It is a well-known fact that forged documents are easily available--as shown by the two fake cards obtained to prove the authors’ point, and reproduced here. Both were purchased for less than $200, practically overnight. The purveyor goes by the name of El Pecas, “Freckles”; his business is doing so well, he joked, that he is considering a toll-free number.

For the purposes of getting a job and complying with federal requirements, these documents are adequate. An immigration officer would quickly spot them as false--the “green card” has no watermark, and the paper used for the Social Security card is too thick--but employers would not, and on the photocopy they must keep on file, the defects are hardly obvious.

On the demand side, deep structural changes in the U.S. economy and urban population are generating a growing number of low-paying, unskilled jobs for Mexicans. Even in the current recession, there is increasing demand for labor-intensive services, more than for labor-intensive goods.
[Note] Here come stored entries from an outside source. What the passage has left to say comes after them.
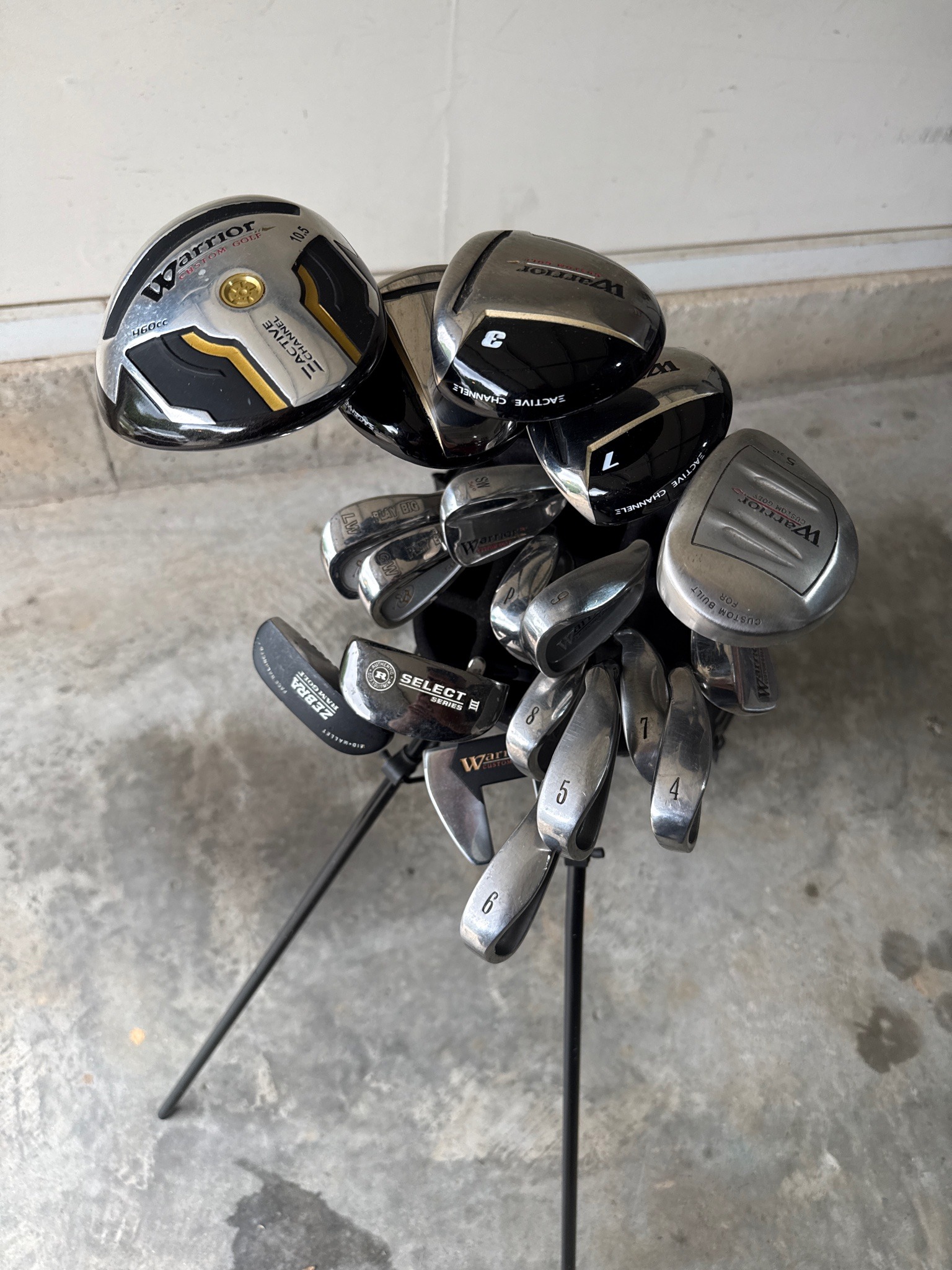 This is a comprehensive set of right-handed golf clubs predominantly manufactured by Warrior Custom Golf. The set includes a 460cc Driver with a 10.5-degree loft featuring 'Active Channel' technology, and multiple fairway woods including a 3-wood and 7-wood. The iron set appears to be a mixed cavity-back design including numbers 4, 5, 6, 7, 8, and specialty wedges marked 'GW' (Gap Wedge) and 'LW' (Lob Wedge). A notable addition is a Ram Golf Zebra 'Mid-Mallet' putter alongside a 'Select Series III' mallet putter. The clubs are constructed from stainless steel and titanium alloys with composite and steel shafts. This specific brand, Warrior Custom Golf, was prominent in the early to mid-2000s, known for direct-to-consumer marketing. The condition of the set is fair to good, showing visible signs of regular use including 'chatter' marks on the iron soles, minor scratching on the driver face, and some wear on the club heads. The clubs are housed in a black lightweight stand bag with integrated legs for upright positioning on the course. Craftsmanship is typical of mass-produced, entry-to-mid-level consumer golf equipment from the 2010 era.
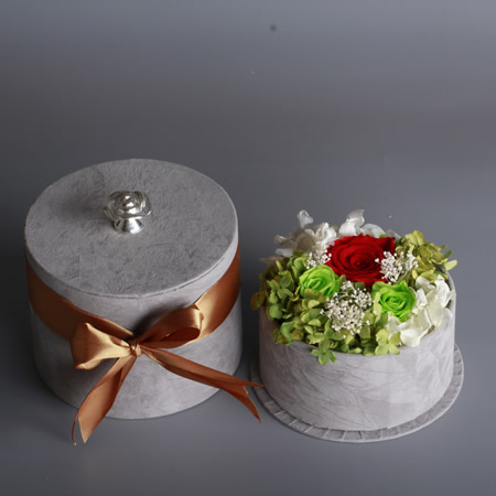 保鮮花:主材:1朵5-6CM玫瑰,2朵2-3CM玫瑰 ;配材:繡球,苔蘚,星星草,緞帶;尺寸:高帽盒,直徑14*高11CM
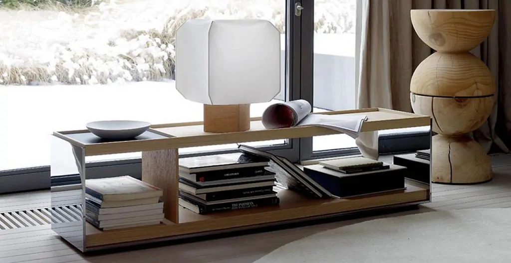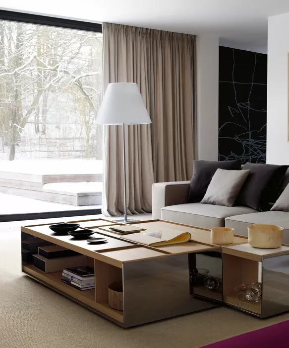 Serie de mesa de centro cuadrada, disponible en dos medidas. Con el sobre superior en cristal permite ver los objetos posicionados en el estante inferior, como pueden ser libros, esculturas, etc… Su estructura cuadrada en tubo de acero puede ser en acabado blanco.
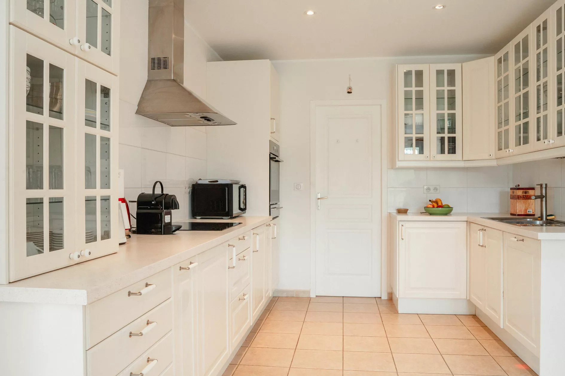 Volledig uitgeruste open keuken: kookplaat, afzuigkap, koffiezetapparaat, broodrooster, waterkoker, oven, magnetron, vaatwasser, vriezer, blender, keukenrobot
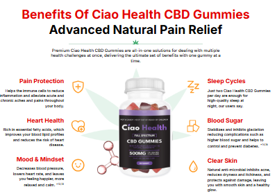 The primary advantage that Ciao Health CBD offers is the streamlining of your daily life. For further insights, please review this blog in its entirety. These gummies have recently been introduced to the market and have rapidly gained significant popularity. They are formulated to assist in multiple ways, providing a holistic solution to various pain-related health issues. They deliver immediate pain relief and help prevent the reoccurrence of chronic pain in the future due to their anti-inflammatory characteristics. Common pain issues, such as discomfort in the back and neck, will be addressed promptly. Please scrutinize the formulation of Ciao Health CBD before proceeding with a purchase. A life free from pain is the inherent condition of human existence. You enter the world with a robust physique. Thus, why has this intrinsic wellness diminished, making pain an unavoidable element of life? The cause is your current lifestyle, which is both unsuitable and unhealthy.
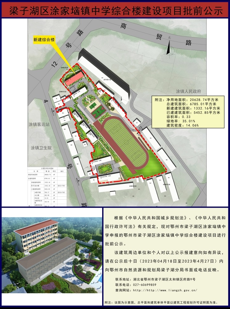 梁子湖区涂家垴镇中学综合楼建设项目批前公示
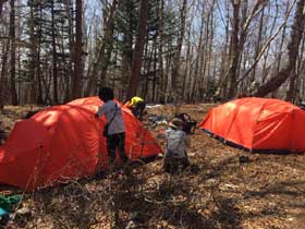 10時、まずはテント泊予定地の富士見平小屋へ向けて出発。青空が広がり、暖かな日差しの下を歩き、10時50分富士見平小屋へ到着。テントを張る場所に積雪はなかった。瑞牆山へ向かう前に、テント設営。不慣れなメンバーも多く右往左往しながら30分ほどで3張のテントの設営が完了したが、宮崎講師から「テントの設営がダメ、学生だったらやり直しをさせる。自分のテントの設営が終わっても、他の人が設営をしていたら手伝う」とのアドバイスがあった。
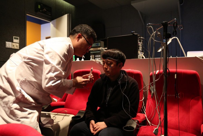 현재 스크린X는 국내와 중국, 미국, 태국 등 전세계 80개 극장, 91개 상영관에서 운영 중이며, 향후 2020년까지 전세계 1000개 스크린까지 확대 설치한다는 목표다카이스트 경영대학 박병호 교수가 스크린X의 몰입감을 뇌과학으로 입증하기 위한 실험을 진행하고 있다.<사진제공=CGV>
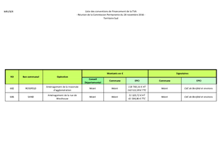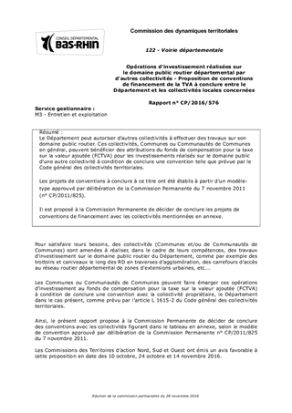 Le Département peut autoriser d’autres collectivités à effectuer des travaux sur son domaine public routier. Ces collectivités, Communes ou Communautés de Communes en général, peuvent bénéficier des attributions du fonds de compensation pour la taxe sur la valeur ajoutée (FCTVA) pour les investissements réalisés sur le domaine public d’une autre collectivité à condition de conclure une convention telle que prévue par le Code général des collectivités territoriales. Les projets de conventions à conclure à ce titre ont été établis à partir d’un modèle-type approuvé par délibération de la Commission Permanente du 7 novembre 2011 (n° CP/2011/825). Il est proposé à la Commission Permanente de décider de conclure les projets de conventions de financement avec les collectivités mentionnées en annexe.
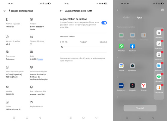 Comme les autres smartphones de la marque, le realme 8i embarque Android 11 avec une surcouche logicielle realme UI. Il s'agit de la même interface et des mêmes fonctionnalités que nous avons pu voir au sein du realme GT Master Edition, par exemple ou realme 8 5G. Celle-ci est assez proche de la surcouche ColorOS utilisée sur les smartphones Oppo et bientôt aussi sur les OnePlus. Realme UI propose de nombreuses options de personnalisation. Il est possible de changer les fonds d?écran, d'appliquer différents thèmes, de modifier les styles d'icônes, les styles d'empreintes digitales, les couleurs, l'apparence du tiroir des notifications ou encore les couleurs d?éclairage sur les bords pour voir lorsqu'une notification arrive. Notez aussi la présence d'une barre latérale pour y placer des raccourcis vers certaines applications afin d'y accéder beaucoup plus rapidement. Le gestionnaire d'application est assez classique. On peut passer de l'une à l'autre d'un glissement de doigt, en verrouiller une ou scinder l?écran en deux pour afficher deux applications en même temps afin d?être plus productif. Plusieurs options de confort sont disponibles concernant la navigation (gestuelle ou à partir des boutons virtuels), les gestes pour faire une capture d?écran, pour prendre les appels. On peut activer une fonction de lancement rapide juste après le déverrouillage de l?écran pour exécuter immédiatement une option de l'appareil ou une application en particulier, choisie au préalable. C'est très pratique.
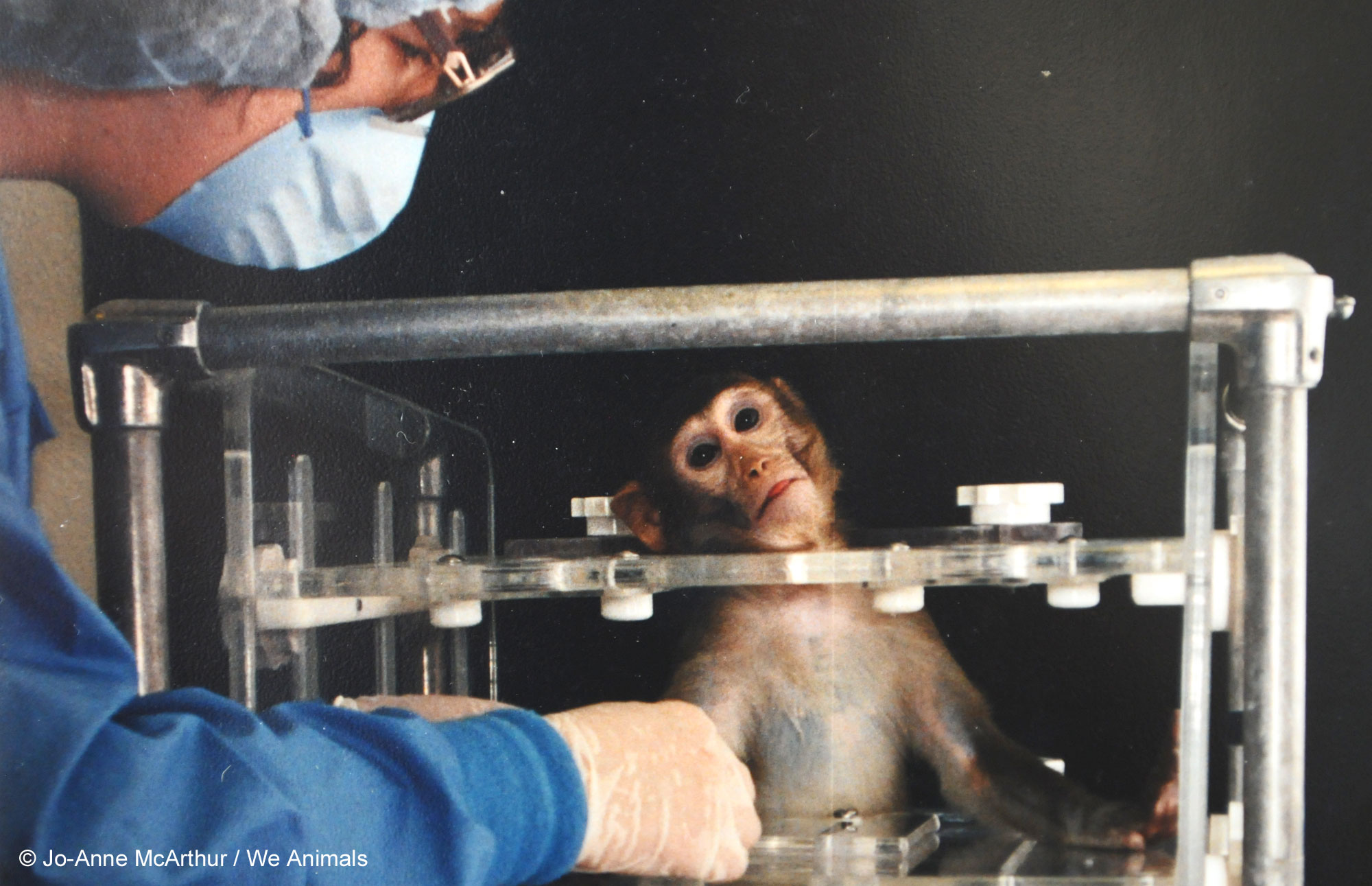 Once monkeys arrive in the U.S., they are offloaded from the planes by cargo-handling agents and left trapped in the cramped wooden crates (which are often filled with feces and urine) on the tarmac or loaded with forklifts into a warehouse. These sensitive monkeys must then wait in fear until they’re loaded into trucks and transported to facilities for quarantine. Then they’re moved yet again to laboratories where more horrors await. They’re imprisoned in cramped cages and often cut open, poisoned, crippled, addicted to drugs, shocked, and killed.

Women, an important new factor in immigrant flows from Mexico, are often more able than men to find jobs in the expanding, and often informal, service sector--in restaurants, hotels, janitorial services, etc. Thus families are now accompanying heads-of-households who previously migrated alone; and these families are staying longer or settling down in the United States as the seasonal nature of Mexican immigration gradually shifts to permanence.

On the supply side, the most important factor in generating migration continues to play its role: The wage differential between Mexico and the United States remains extraordinarily high. According to GEA, a new analysis and consulting institute in Mexico that is finally providing the type of statistics that Mexico has traditionally lacked, more than 55% of wage-earning Mexicans make twice the minimum wage or less--about $7.50 per day, or under $1 per hour.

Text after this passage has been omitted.